Yeah, good tip, thanks. I actually don't have Facebook or Google+. I find them to be way too intrusive. I know twitter is as well to an extent, but not as much. What I do have issue with is things like Spotify, requiring you to have a FB account. I want Spotify, but I am not creating a FB account to get it.

Great app! Should only get better once its finished & Push is added. If push isn't added, I'll be sticking with Tweetings & all the customization it offers.

If we already had the beta do we need to uninstall and buy the app or do we get the release version for free? Google Play tells me I already have it installed....

Sounds like it doesn't support push notifications, huh? Can anyone comment if it has built-in support for Read It Later services (Pocket, preferably)?

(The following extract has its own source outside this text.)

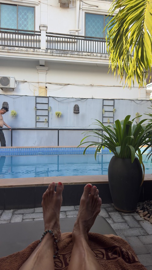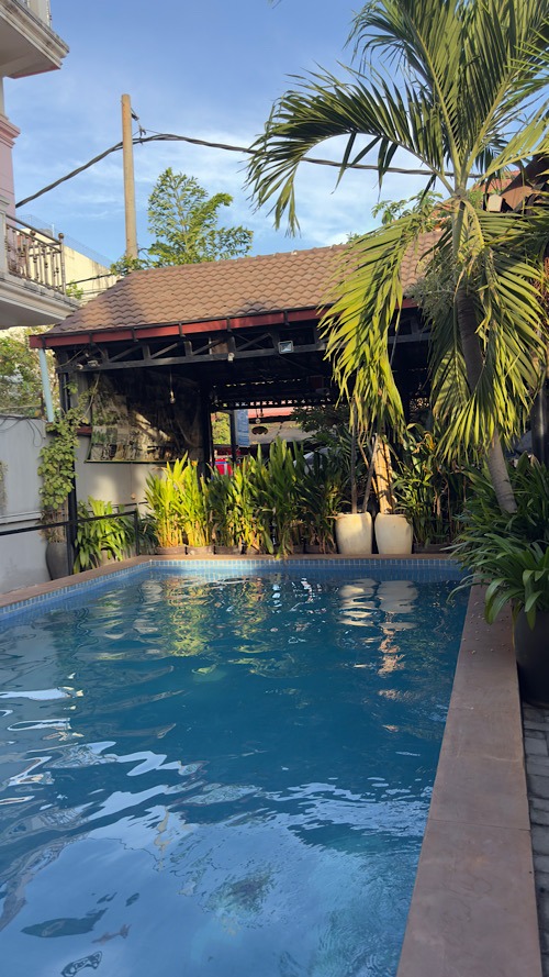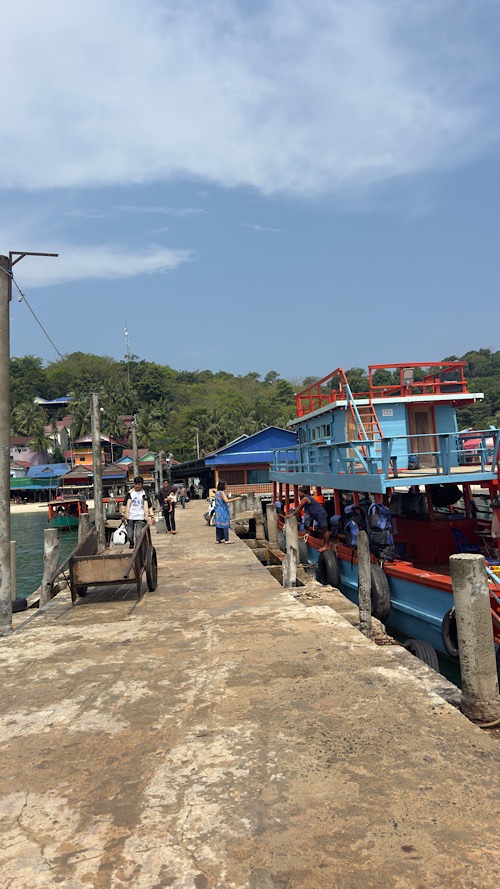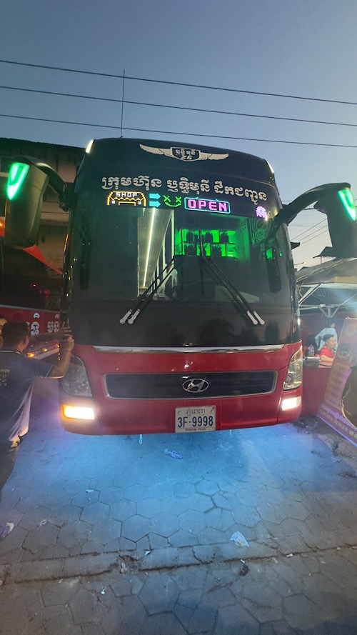 01/03/26 : Sous une chaleur écrasante avec un taux d’humidité d’approximativement 80 %, on a quand même trouvé le courage de faire une demi-journée shopping et découverte de la ville de Siem Reap. On a arpenté le marché couvert très riche en artisanat en essayant de faire la différence entre les chinoiseries et le made in Cambodge, ce n’est pas toujours évident !!! la chaleur, se faisant écrasante en milieu de journée, on a profité de la piscine de l’hôtel, en attendant notre bus en fin d’après-midi, direction les îles cambodgiennes. Nous voilà partis pour 11 heures de bus couchette avec un transfert en ferry sur l’île de koh rong Saloem. À notre grand bonheur, le bus est full confort, les couchettes doubles sont spacieuses. La clim n’est pas trop forte. Je pense qu’on va passer une super nuit…

I bought Falcon Pro & don't see the big difference between it and Tweetcaster as it has a top menu bar, sliding UI, and a dark background theme. What am I missing? Going to keep both for a while to see. - Falcon's UI seems a little boxy

doesn't work from the UK store yet. The donate version couldn't get past the welcome screen. Refunded but will try again, looks sweet for a v1

My favorite feature is the notification bar when you get a mention or DM. Like Echofon and assuming you are running jellybean, you can reply right from said bar....at least you could with the beta version,

brilliant app for the phone and tablet bar far the best looking ui I've seen its really a great looking app, its still improving and at a very fast rate to.
you can't go wrong

I might be wrong but I do not have push notifications (thought it says you have it)

I am missing something?

this is a great app, and i think it will be great after a few more revisions. I am a plume guy, and there are a couple things lacking for me. First, i really like the way plume handles when i click on something in a widget. I get the options menu that allows me to retweet, reply, whatever right from there. with this, i have to click, wait for it to open in the app, then re tweet or whatever.

i do really like the overall design of the app and widget.

Maybe its my phone (doubt it, its an htc one s)or something, but scrolling for me on this is ANYTHING but smooth. Was actually pretty bad.